Results of Operations
A. General Comparison of the Years Ended December 31, 2003 and 2002
The following table provides certain information regarding performance
factors for the years ended December 31, 2003 and 2002:
Year Ended Percenta
ge
December 31, Increase
2003 2002 (Decreas
e)
---- ---- --------
-
Average price per $ 30.12 23%
barrel of oil 24.56
Average price per mcf $ 4.67 53%
of gas 3.05
Oil production in 8,700 8,410 3%
barrels
Gas production in mcf 17,500 22,000 (20%)

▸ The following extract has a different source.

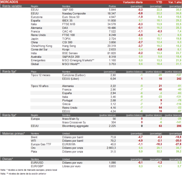 - Los principales índices europeos han registrado descensos de intensidad desigual después de que ASML rebajar su previsión de ingresos y márgenes para 2025. Entre los principales índices ha destacado la caída del CAC 40 francés de un 1,1% por los descensos en TotalEnergies y las compañías de lujo. Por su parte, el Euro Stoxx 50 ha perdido un 1,9% mientras el IBEX 35 ha repuntado un 0,7% por el buen comportamiento de las utilities y las compañías de infraestructuras.

Oil and gas revenue $ 343,751 273,741 26%
Production expense $ 153,850 123,272 25%
Partnership $ 168,665 112,957 49%
distributions
Limited partner $ 150,112 100,532 49%
distributions
Per unit distribution $ 106.69 49%
to limited partners 71.45
Number of limited 1,407 1,407
partner units
Revenues
The Partnership's oil and gas revenues increased to $343,751 from $273,741
for the years ended December 31, 2003 and 2002, respectively, an increase
of 26%. The principal factors affecting the comparison of the years ended
December 31, 2003 and 2002 are as follows:
1. The average price for a barrel of oil received by the Partnership
increased during the year ended December 31, 2003 as compared to the
year ended December 31, 2002 by 23%, or $5.56 per barrel, resulting in
an increase of approximately $48,400 in revenues. Oil sales represented
76% of total oil and gas sales during the year ended December 31, 2003
as compared to 75% during the year ended December 31, 2002.
The average price for an mcf of gas received by the Partnership
increased during the same period by 53%, or $1.62 per mcf, resulting in
an increase of approximately $28,400 in revenues.
The total increase in revenues due to the change in prices received
from oil and gas production is approximately $76,800. The market price
for oil and gas has been extremely volatile over the past decade and
management expects a certain amount of volatility to continue in the
foreseeable future.
2. Oil production increased approximately 290 barrels or 3% during the
year ended December 31, 2003 as compared to the year ended December 31,
2002, resulting in an increase of approximately $7,100 in revenues.
Gas production decreased approximately 4,500 mcf or 20% during the same
period, resulting in a decrease of approximately $13,700 in revenues.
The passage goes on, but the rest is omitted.